But there was little consensus on a concrete way to avoid that catastrophe. And that has experts worried.
Washington and Beijing have been trapped in a spiral of anger and suspicion for several years, but the situation has deteriorated rapidly since the beginning of the Covid-19 pandemic, amid finger-pointing over the origins of the virus.
Meetings between the two sides are few and far between — and when they occur, such as in Alaska in March, they are bitter and confrontational. The US is without an ambassador in Beijing. There have been no moves to reopen the recently shuttered United States consulate in Chengdu or the Chinese consulate in Houston. And the appointment of a new Chinese ambassador to Washington, while a positive step, is unlikely to deescalate tensions in the short term.

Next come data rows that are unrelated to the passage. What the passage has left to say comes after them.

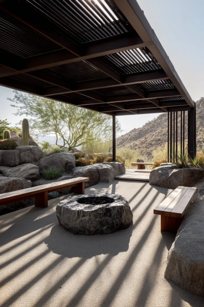 Desert Retreat Pergola with Natural Stone Fire Pit
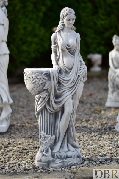 Figura kobiety z kolumną ,zakończoną donicą ,w której można zasadzić kwiaty.
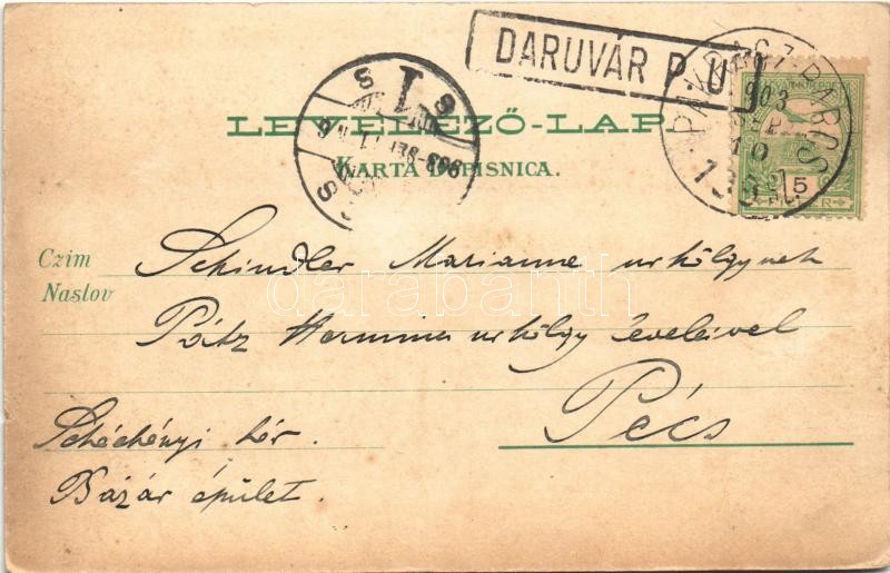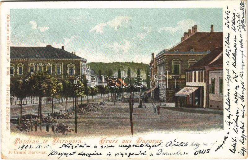 Beschreibung: 1903 Daruvar, tér / square. Zakonom zasliceno br. 5755. Palvorine Zabranjene. F. Cimic (apró szakadás / tiny tear)
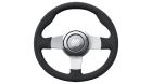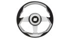 Volante con impugnatura morbida con cinque razze ricoperte da plastica nera. Ruota timone con anello in ottone lucido ø mm. 350
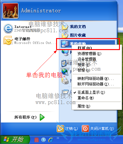第1步:单击打开Windows开始菜单,在打开的开始菜单中找到并单击打开“我的电脑”(计算机)。
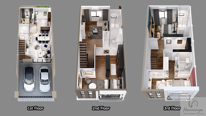 ขนาดที่ดินเริ่ม 18.1 ตร.ว. / พื้นที่ใช้สอย 166 ตร.ม. / 3 ห้องนอน 4 ห้องน้ำ 1 ห้องอเนกประสงค์ ที่จอดรถ 2 คัน
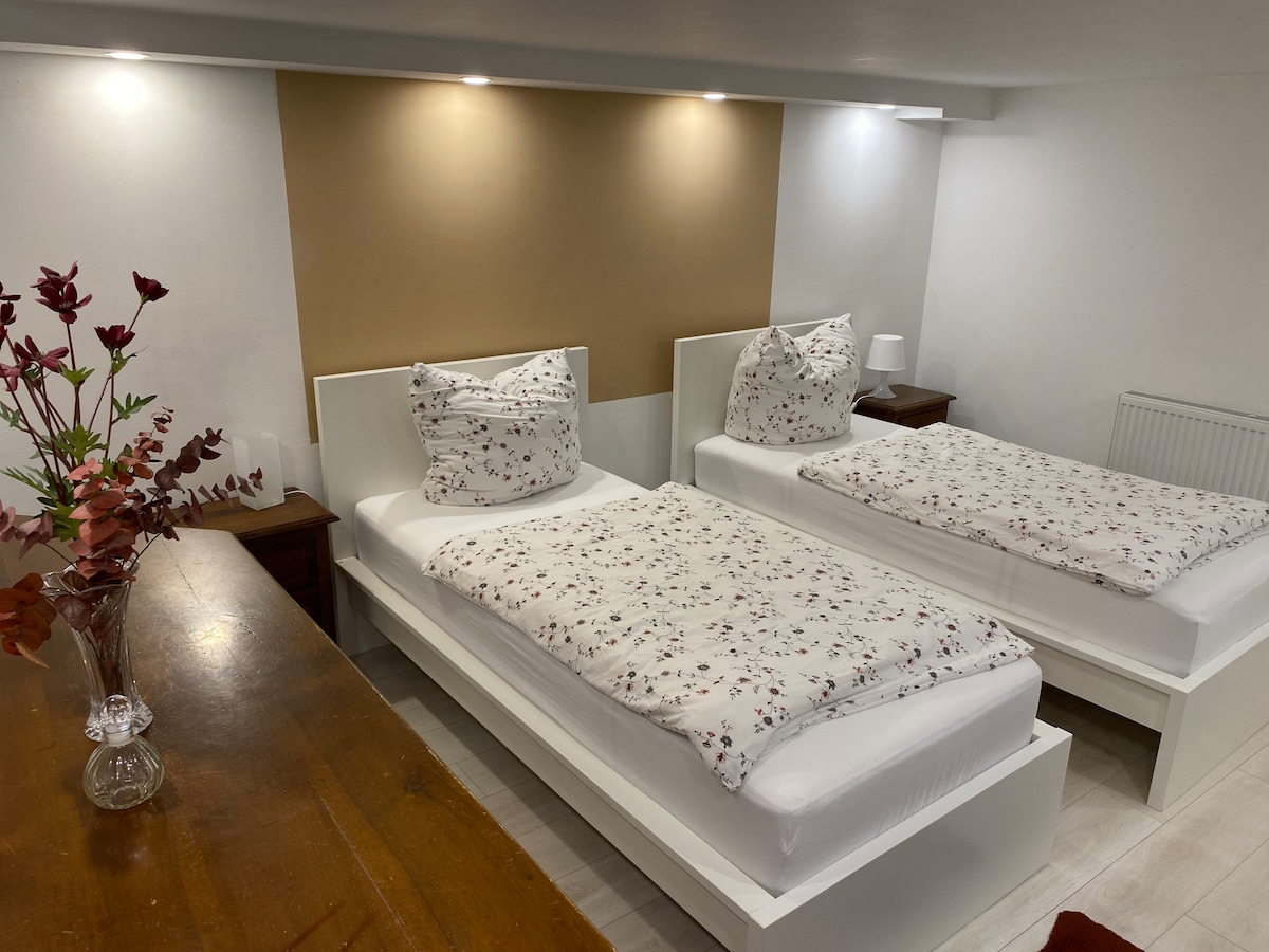 この特別で静かな宿泊施設でリラックスしてください。ゲストハウスはロスバッハの歴史的な中心部にあります。田舎ですが中心部に位置し、ヴェッテラウの端にあり、タウヌスの門の前にあり、フランクフルトのすぐ近くにあります。 愛情のこもった細部で、ここで歓迎されていると感じることができます。屋外サウナを備えたのどかな中庭、ジョガルームを備えた改装された納屋。 2017年から2020年(コロナウイルスの開始)まで、私はAirbnbから「スーパーホスト」に選ばれました。
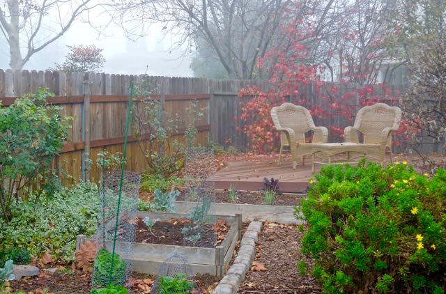 On a foggy late December morning: red beets and green onions in the large raised bed, broccoli in the small raised bed, and lettuce in cages beyond, with oranges (top left corner) and meyer lemons in the background
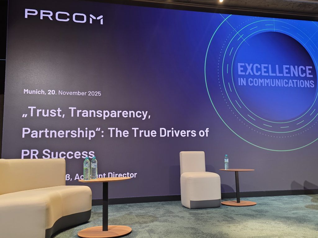 Привилегията да презентира първа имаше Андрея Грос (PRCOM, Германия). От позицията на своя дългогодишен опит тя сподели, че истинският успех на PR-а не се измерва само в кампании, KPI или медийни публикации, а в дългосрочни партньорства, доверие и посланичество, които стройно се изграждат с години.
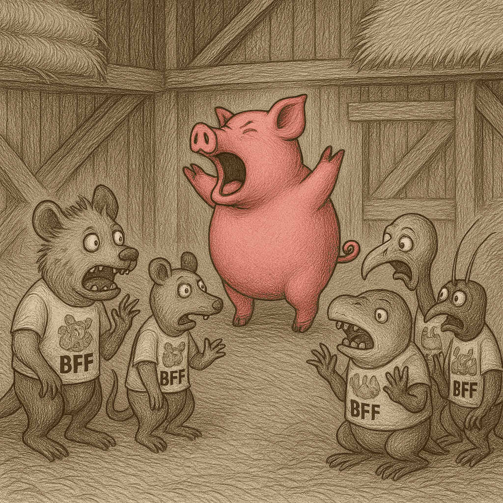 When they came back to the next morning, they were surprised to see the piglet had turned into a giant pig.
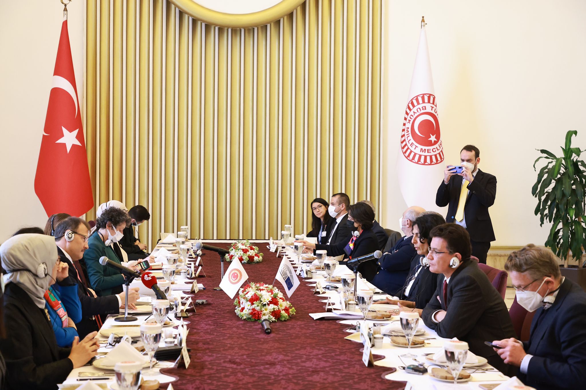 Maria Arena başkanlığındaki 13 kişilik AB Parlamenterler Meclisi İnsan Hakları Alt Komitesi heyeti Ankara’da TBMM İnsan Hakları Komisyonu Başkanı Hakan Çavuşoğlu ve alt komisyon başkanlarıyla görüştü.
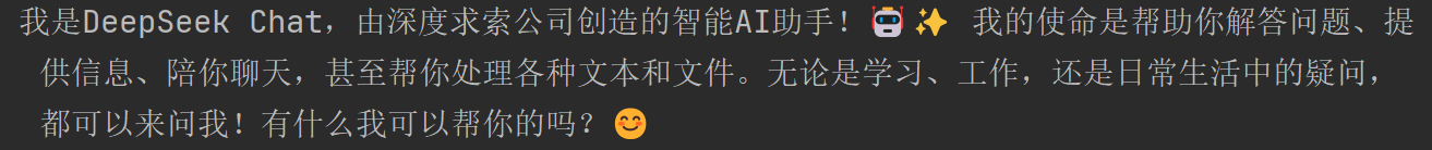 2. Spring AI 快速入门使用 @ 目录 [*]2. Spring AI 快速入门使用 [*]快速使用 [*]接入deepseek [*]流式对话 [*]options配置选项 [*]temperature(温度) [*]建议 [*]maxTokens [*]stop [*]模型推理 [*]原理: [*]接入阿里百炼 ...
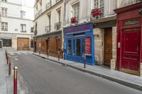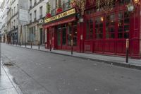 A pink door stands out among the classic architecture of a Paris lane at the break of day. Here, one can find a glimpse of city life, from the bustling cafes and restaurants to the asphalt roads and urban infrastructure that make up the downtown neighborhood.
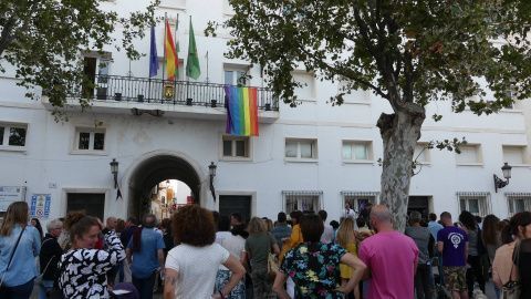 El acto terminó con la iluminación del balcón del antiguo Ayuntamiento en la plaza de España, con los colores de la bandera del arcoíris.

There's certainly no small amount of antagonism between the two sides at present. Experts point to rising brinksmanship over Taiwan and the expanding standoff in the South China Sea as possible military flashpoints with unpredictable consequences for both sides.
Speaking in Tianjin, both sides said despite the current state of relations, they wanted to avoid direct confrontation. US Deputy Secretary of State Wendy Sherman underscored that while Washington welcomed "stiff competition," it did not seek conflict with Beijing. Meanwhile, China's Foreign Minister Xie Feng told Sherman the Chinese people "cherish peace."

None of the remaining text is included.